I realized that I miss writing. Even if it's not something I'm particularly good at, I enjoy it, and I think I'm going to try to do more of it, even if it is just journaling and blogging.
This afternoon, during free time on our retreat, we headed out to the frozen pond, where the boys had played hockey earlier in the week. We were content to slide around in our shoes, although I'm proud to say that my shoes were by far the slickest, and I did win the contest to see how far we could slide after being slingshotted (is that a word?) across the ice. I also managed to fall unintentionally far more than anyone else, though maybe that has little to do with my slippery shoes. We were joined on the ice by Petrus, a Bernese mountain dog who lives at St. Malo, wanders the grounds without a collar (though has to be locked up during Mass or I'm told he's quite disruptive), and plays a mean game of tug-o-war. After our ice time, we hiked the John Paul II Trail, so named because the late pope hiked that path during his retreat to St. Malo during his stay in Colorado for WYD 1993 (btw, we held our meetings in the room he stayed in, and it was awesome to reflect on the amazing man that he was and how much he affected our whole generation, as well as each of us individually). Petrus led the way, stopping occasionally to make sure we were following him, using the break to veer from the trail to eat fresh snow. On the way back, he bounded ahead of us like a little puppy, stick in his mouth, begging us to chase him. Of course we obliged.

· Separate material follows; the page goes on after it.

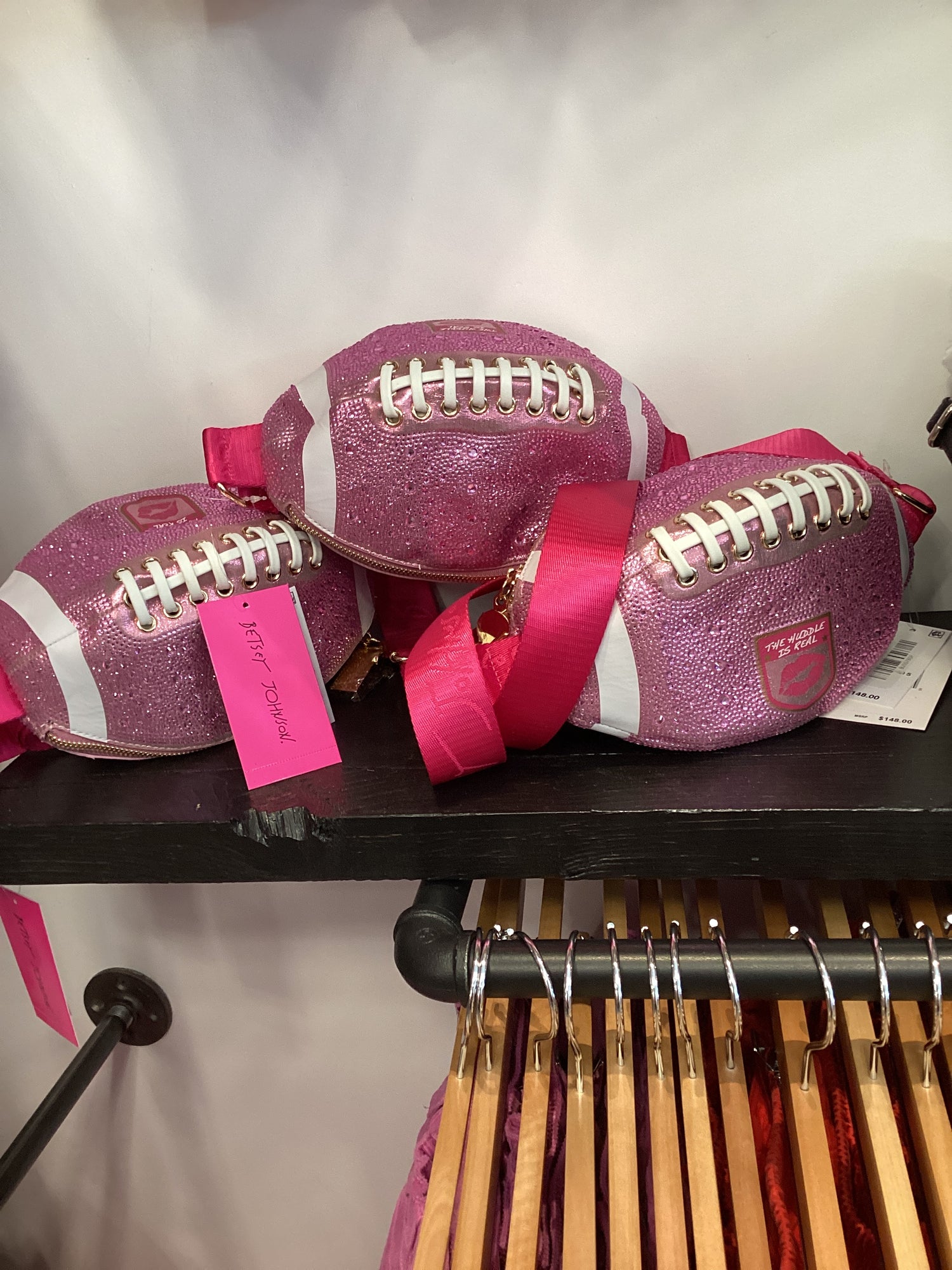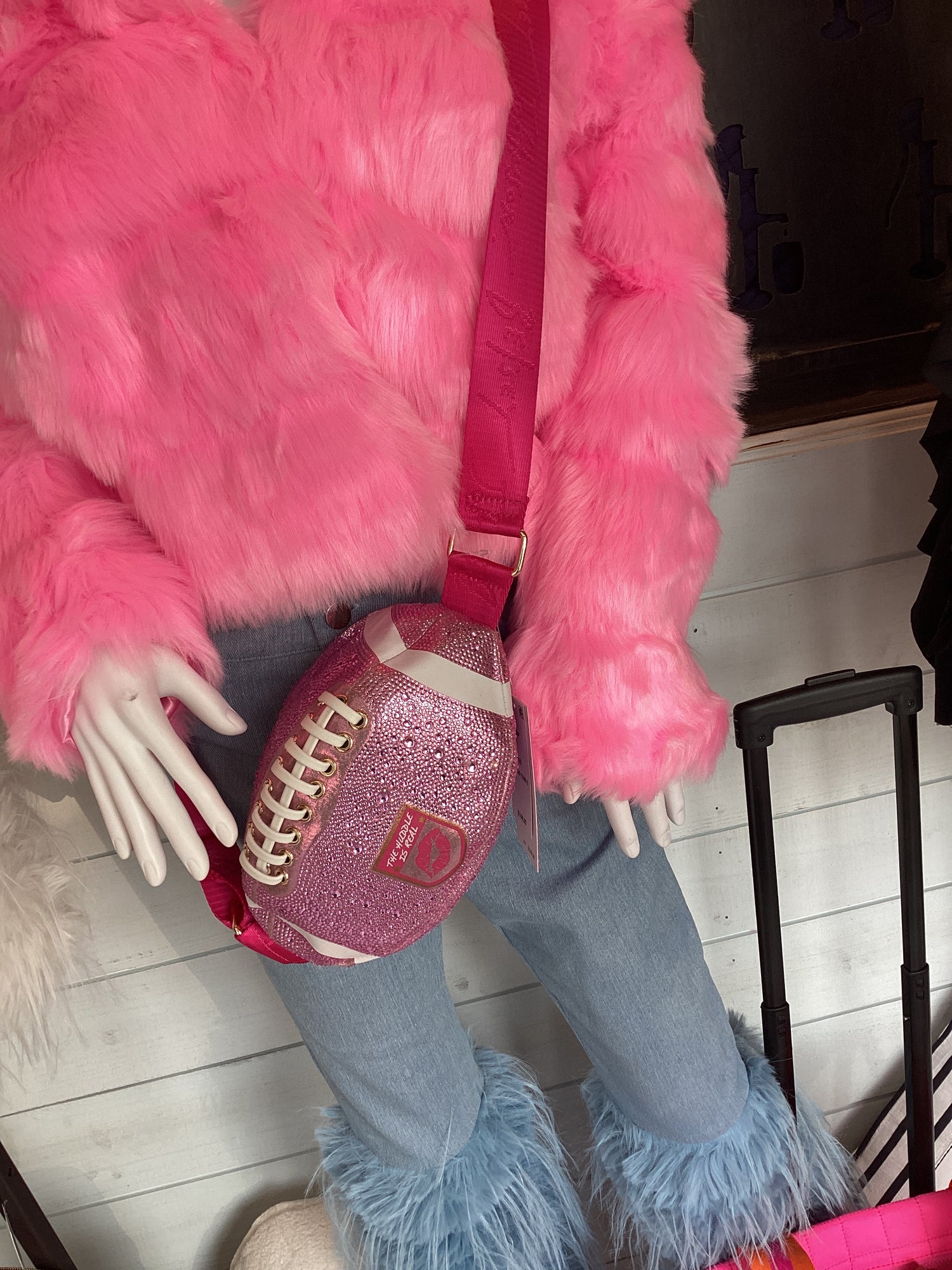 Get ready to tackle your fashion game with Kitsch's "Tackle Me" sling bag! This pink rhinestone football-shaped bag will add some sparkle and fun to any outfit. Perfect for game day or a night out with friends. Don't miss out on this unique accessory!

There were many other great moments this weekend, laughing hysterically at meals to stories of sleep-walking and marathons ("Tell the girls downtown..."), learning about the start of Marian groups in Denver, hiding in laundry hampers and scaring the crap out of Rachelle and Laura...you know, the usual stuff.
We also had plenty of time for prayer, sharing, reflection, and learning about ourselves and each other. I don't know that I made concrete steps in any direction this weekend, at least as far as my faith goes, but I know that God just wants me to stop worrying and love Him, because in the end, that's the only thing that matters, and nothing I can do is big enough to screw up His plans if He doesn't want it to. So I rest knowing that I am surrounded by holy, loving, funny, profound women of Christ and that I am never alone in my walk with Him.
1 comment:
Which frozen pond? The one with the rock bridge across? Or the one that the boys jumped into off the platform? Glad to hear you had a good time.